======== Recorded data
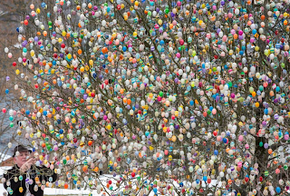 Each year, Volker Kraft decorates an apple tree with more than 10,000 colourful eggs in Saalfeld, Thuringia, to celebrate Easter and the arrival of spring.
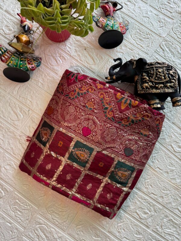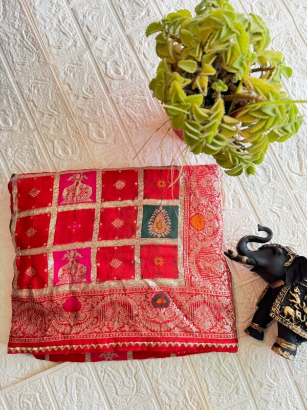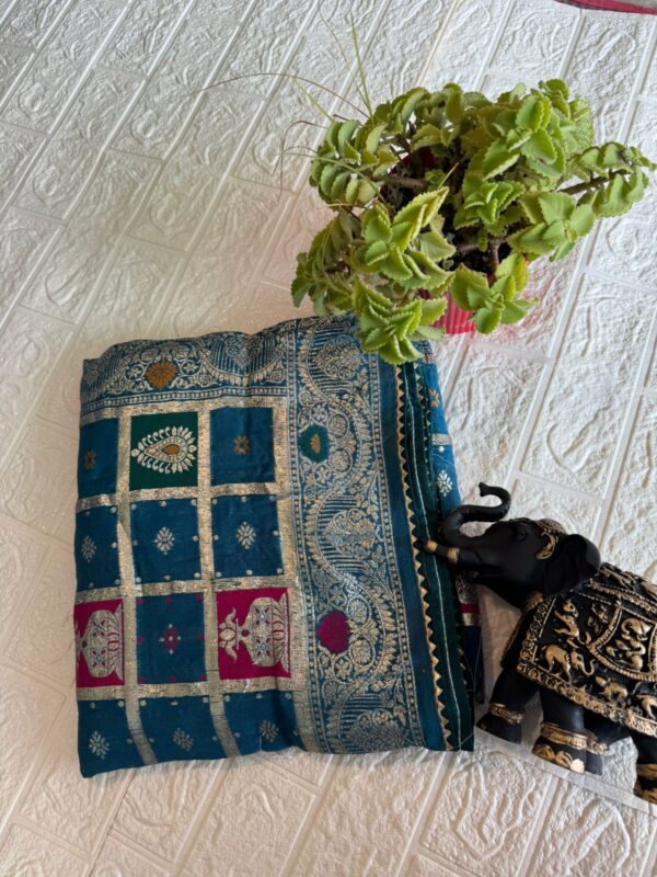 Be the first to review “Banarasi Silk Postella Rozi Saree”
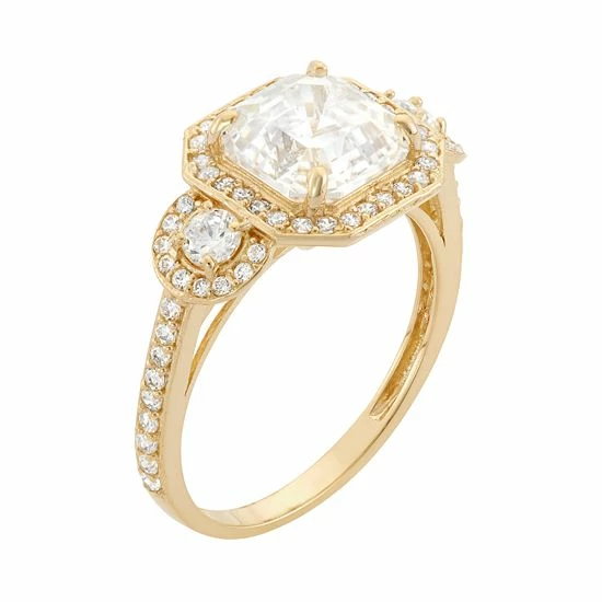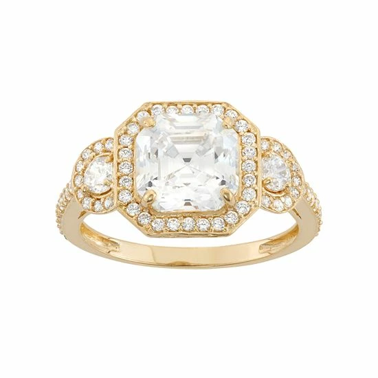 Adorned with an asscher-cut cubic zirconia center stone surrounded by illuminating cubic zirconia accents in a halo motif, this 10k gold engagement ring is a stunning way to profess your love.
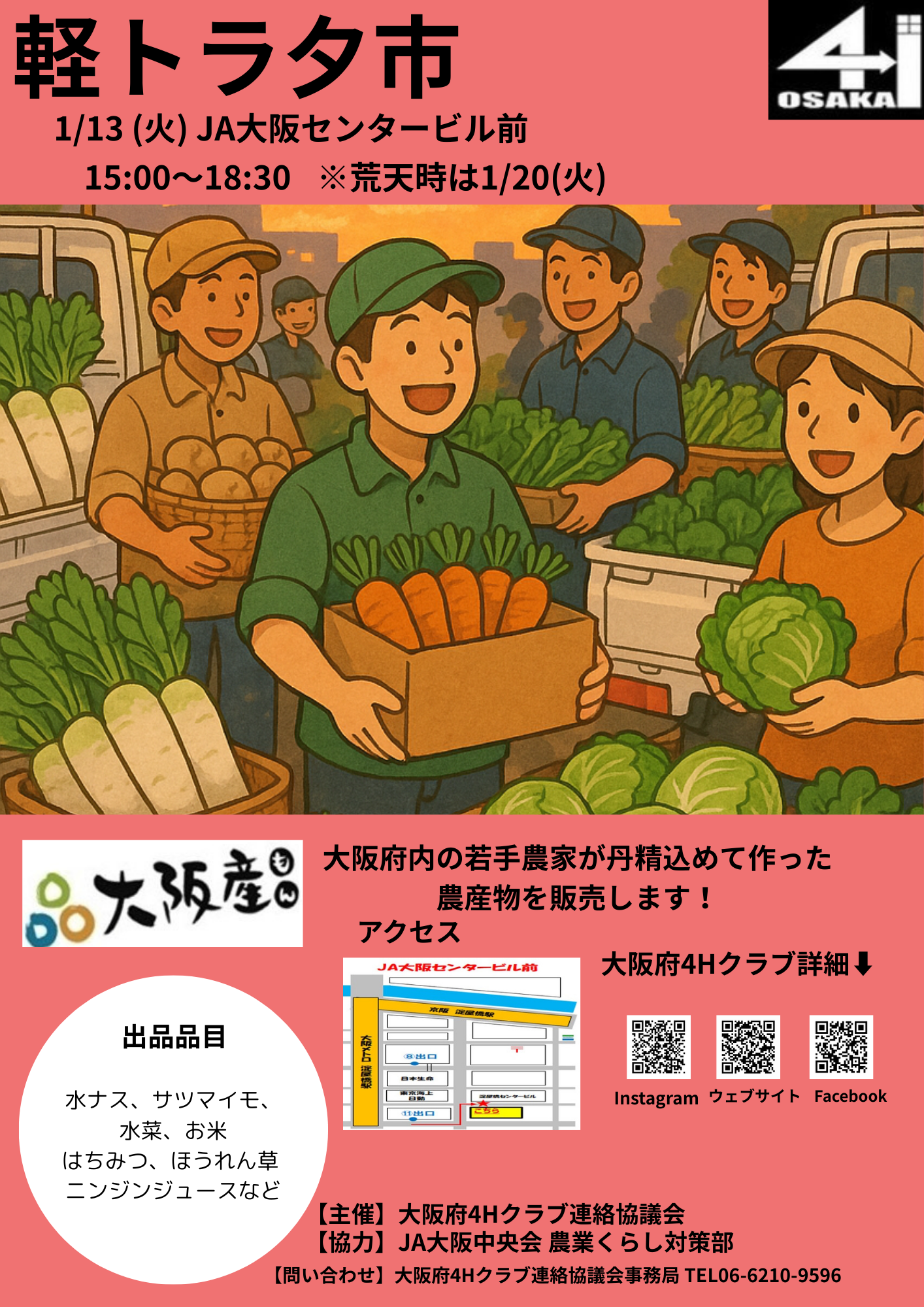 ※悪天時:1月20日(火曜日)15時00分から18時30分まで - 会場:JA大阪センタービル前(大阪市中央区高麗橋3-3-7)
================
Task brief:
Quote the preceding listing precisely and completely, omitting its images.

Output of the task:
 Each year, Volker Kraft decorates an apple tree with more than 10,000 colourful eggs in Saalfeld, Thuringia, to celebrate Easter and the arrival of spring.
 Be the first to review “Banarasi Silk Postella Rozi Saree”
 Adorned with an asscher-cut cubic zirconia center stone surrounded by illuminating cubic zirconia accents in a halo motif, this 10k gold engagement ring is a stunning way to profess your love.
 ※悪天時:1月20日(火曜日)15時00分から18時30分まで - 会場:JA大阪センタービル前(大阪市中央区高麗橋3-3-7)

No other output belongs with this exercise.